Mags took my hand and I let her. She had to leave early. I walked her out to her car. In her freshman year at Swarthmore Mags had a nervous breakdown and spent a few months in a hospital before coming here.
Our college specialized in bright, damaged kids who washed out at the good schools where we started and had to transfer. She gave me a Benzedrine tablet which I downed along with the beer I carried.
"You want to get together Sunday afternoon?” she asked as we kissed good night. I shook my head. It drove her crazy that I'd never say why I wasn't available Sundays. “We could invite Marty,” she said. “Would that tempt you?” It did, but not enough.
Quite a bit later Marty drove me home because I currently had no car. He'd ended up at the college when his parents split up and there wasn't enough money for him to continue at Penn State. I'd seen him the first day of fall semester in the ugly uniform and brutal haircut, looking very lost. I'd fallen for him, but we stayed just friends.
He stopped in a secluded back road along the way and we shared a joint. “Mags wants to turn us both into Human Boys,” I said and cracked up at his wide-eyed expression.
Apparently he drove me home because I found myself making my way around to the back door of my parents’ split-level. I shared a bedroom with my younger brother in what otherwise would have been the rec room next to the garage.
As I turned the corner into the backyard I saw figures in long dresses with silky tops and flowing sleeves. They moved toward me across the lawn. By the light of a big Long Island half-moon that looked like a stage contrivance, I saw that they had no faces.
I gasped and sat up in bed wearing only my undershorts. My brain was still soft with booze and drugs. In
the other bed my brother stirred and turned over in his sleep. A light was on upstairs in the kitchen. I smelled cigarette smoke. One of my parents was awake.
I hoped it wasn't my father. Very late one Saturday night in January I'd staggered in encrusted with snow. According to my brother I was so drunk and stoned that our father had pulled all my clothes off, smacked me around and put me to bed. My old rust-bucket had died in the blizzard half a mile from home and things were still cold and distant between my father and me.

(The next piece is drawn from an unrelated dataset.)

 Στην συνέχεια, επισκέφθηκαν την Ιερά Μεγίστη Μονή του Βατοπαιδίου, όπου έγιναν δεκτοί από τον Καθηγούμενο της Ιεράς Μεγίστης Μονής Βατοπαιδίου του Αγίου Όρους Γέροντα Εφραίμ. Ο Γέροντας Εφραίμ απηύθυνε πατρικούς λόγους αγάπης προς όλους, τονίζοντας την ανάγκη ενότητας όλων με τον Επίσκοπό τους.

Tonight my clothes were strewn on the floor which meant I'd gotten myself undressed. The chances were it was my mother upstairs. So I put on a robe and went up to the kitchen. She sat at the table doing the Times crossword puzzle. The clock said it was just past four. She glanced at me, quizzical, unsmiling, and beautiful. It seemed to me that she must understand exactly what I'd been up to.
"Couldn't sleep?” she asked. “I heard you come in about an hour ago.” That I'd awakened her was unspoken but a given. She slept very lightly.

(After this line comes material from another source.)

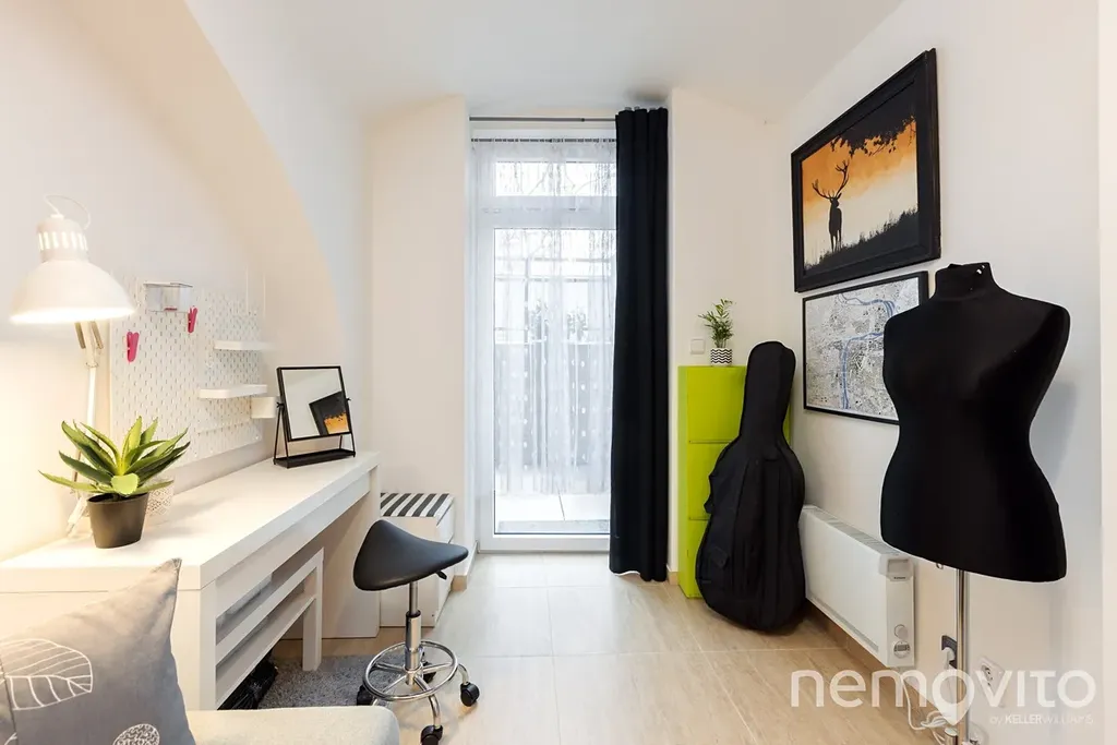 Na ploše přes 50 m2 nabízí celkem 3 místnosti a především 10 m2 venku na terase, na kterou je výstup z obou pokojů. Ty jsou vysoké (2,8 metru), s kompletně novou skladbou podlah a o velikostech 17 a 13 m. Ač se jedná o nebytovou jednotku, na první pohled není ateliér ničím znevýhodněn proti klasice.|

"Who were you with?” she wanted to know.
"Marty drove me. You've met him."
She said nothing, drew on her Phillip Morris. My parents smoked but I didn't much—not cigarettes, anyway. Again she gave me the look.
"I was thinking about Ithaca,” I said and kept my voice low as I tried to change the subject. My father, my two sisters, and my youngest brother were asleep upstairs. “Especially the Witch Girls,” I added.

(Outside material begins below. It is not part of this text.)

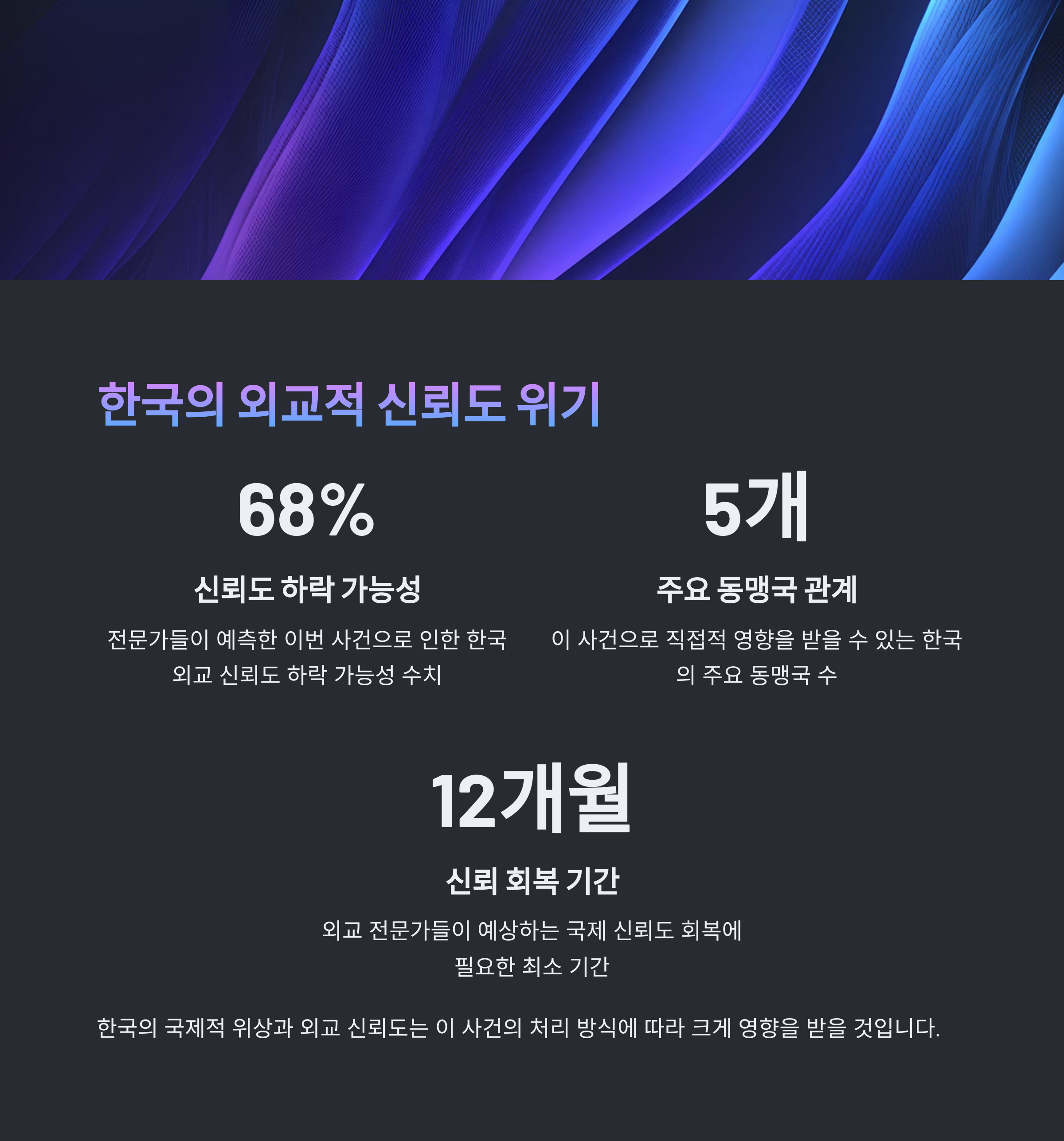 5. 이 문제가 한국 외교 및 국제 신뢰도에 영향을 미칠 가능성이 높아 정부의 신속한 대처가 필요합니다.

She nodded and finally half-smiled. “You loved them. You didn't understand much else in that play but when anyone talked about it, you'd say, ‘Oh, them Witch Girls!’ Everybody loved your doing things like that."
"Did you want to come and see Dark of the Moon?” I asked my mother. She never went to see plays anymore. Rarely went out.
"Not if you don't have a part in it,” she said, and turned back to her puzzle.
"I'm writing now,” I said and she nodded. She wrote too—had done scripts for local TV back in Boston when I was a kid.